I've absolutely heard stories of people feeling terrible going back to work. They could do all of their work from home, no commute. But now suddenly they are expected to go back to the office, commute, maybe suddenly pay for childcare when they could get away with not doing so, and they have to be at the office more hours for the same amount of work than they spent doing it at home, because they are forced to either be there for 40+ hours and/or in-person meetings and such wasting their time.
When I worked still I didn't have 40 hours' worth of work. I tried repeatedly to address this with management, but whenever I did they made up busy work for me. It was not legitimate work that needed to be done for the office, but now suddenly I was expected to do it just because I complained. It made me stop talking to management about it and I would just pretend to be busy whenever I got my actual legitimate work done for the day or week. It was INCREDIBLY frustrating and soul draining. That contributed a lot to me wanting to FIRE. Why should I waste 40 hours a week plus 5-6 hours a week combined commuting time of my life for something that takes me only a smaller percentage of those hours to do? I feel like working at home has exposed more people to the realities of similar situations and it is also frustrating them.
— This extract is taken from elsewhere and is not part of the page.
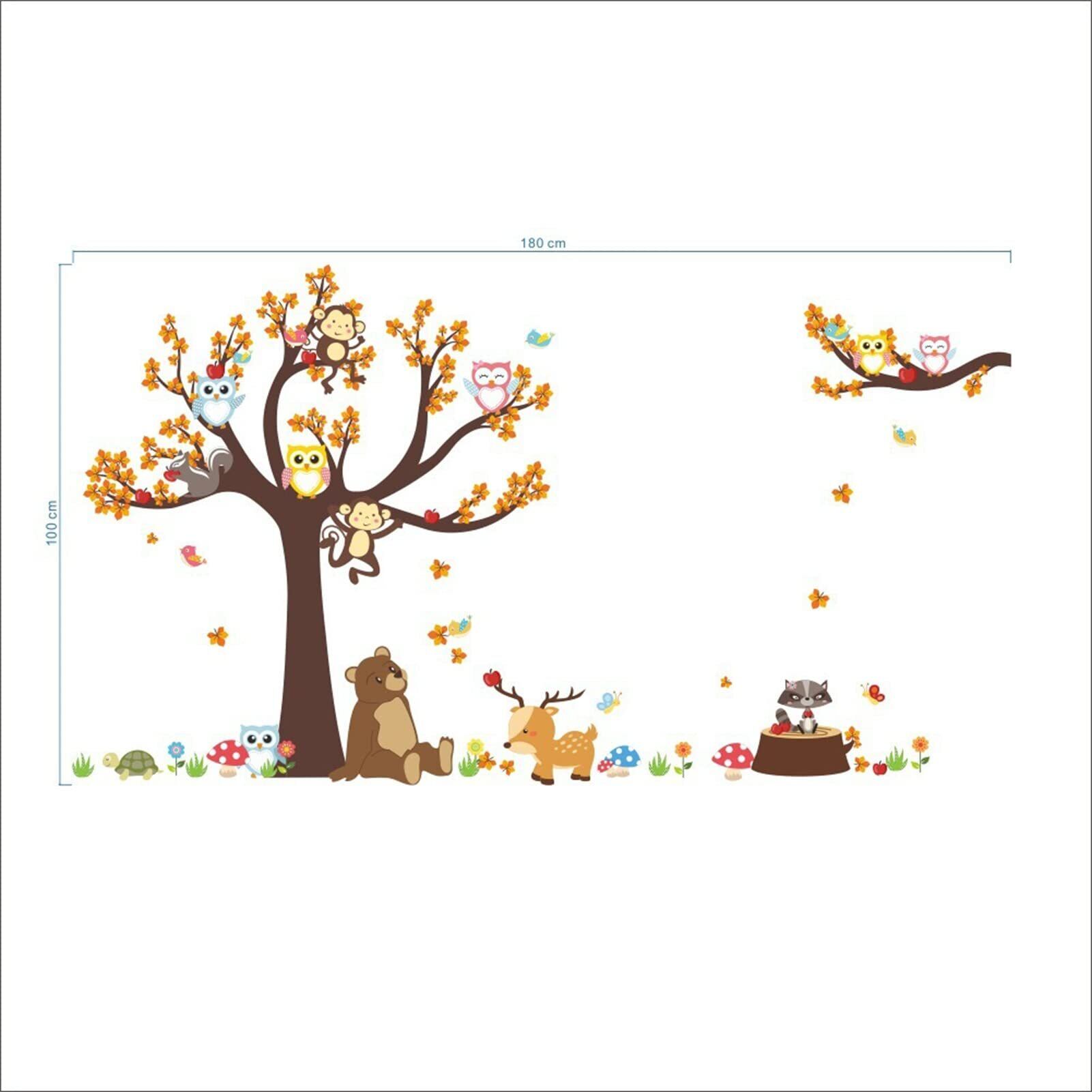 WOHAHA ウォールステッカー おしゃれ 木 葉っぱ 秋のシール 漫画の動物 可愛い ベア フクロウ サル 鳥 ウォールペーパー 子供 部屋 幼稚園 保育園 壁飾り toy room 壁に貼る 生活防水 ウォールすてっかー 居間の家庭装飾品 粘着剤付き 剥がせる 再利用可能
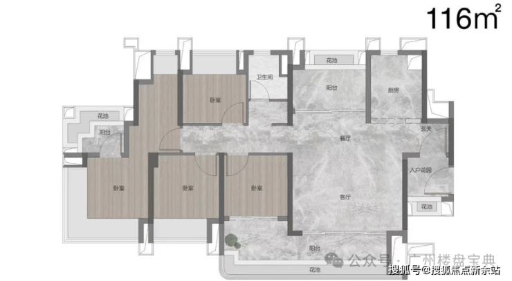 建面116平,该户型并没有做样板房,带入户花园,五开间朝南,南北对流,通风和采光都非常好。

When I had a job similar to the one you describe, I handled it by bringing my own laptop into work every day, with my own hotspot internet connection (away from the spying eyes of the employer's computer network), and I would just do whatever I wanted online. Mostly researching investments, learning new skills, etc. I internally justified it to myself as, I was learning new skills that might be useful in my career some day.
It really depends on how closely you are monitored at work by your peers and supervisor(s), so the degree to which you can get-away with this might vary. In my situation, most of my co-workers didn't know it was my personal laptop -- they thought it was a company laptop and that I was actually doing work. My direct boss rarely ever came by where I sat. It was pretty nice, although I sometimes had thoughts about being "found out". In the end, it didn't matter, because I fulfilled the requirements of the job, apparently, since they never laid me off.
I ended up leaving that job, for a different one -- that pays a bit better, but has very different expectations about how much stuff I need to do to fulfill the requirements of my job. I now work a legitimately full schedule, and then some.
Both extremes have their plusses and minuses. I'm already at FIRE-level-assets, so I can walk away whenever I want, if things become intolerable.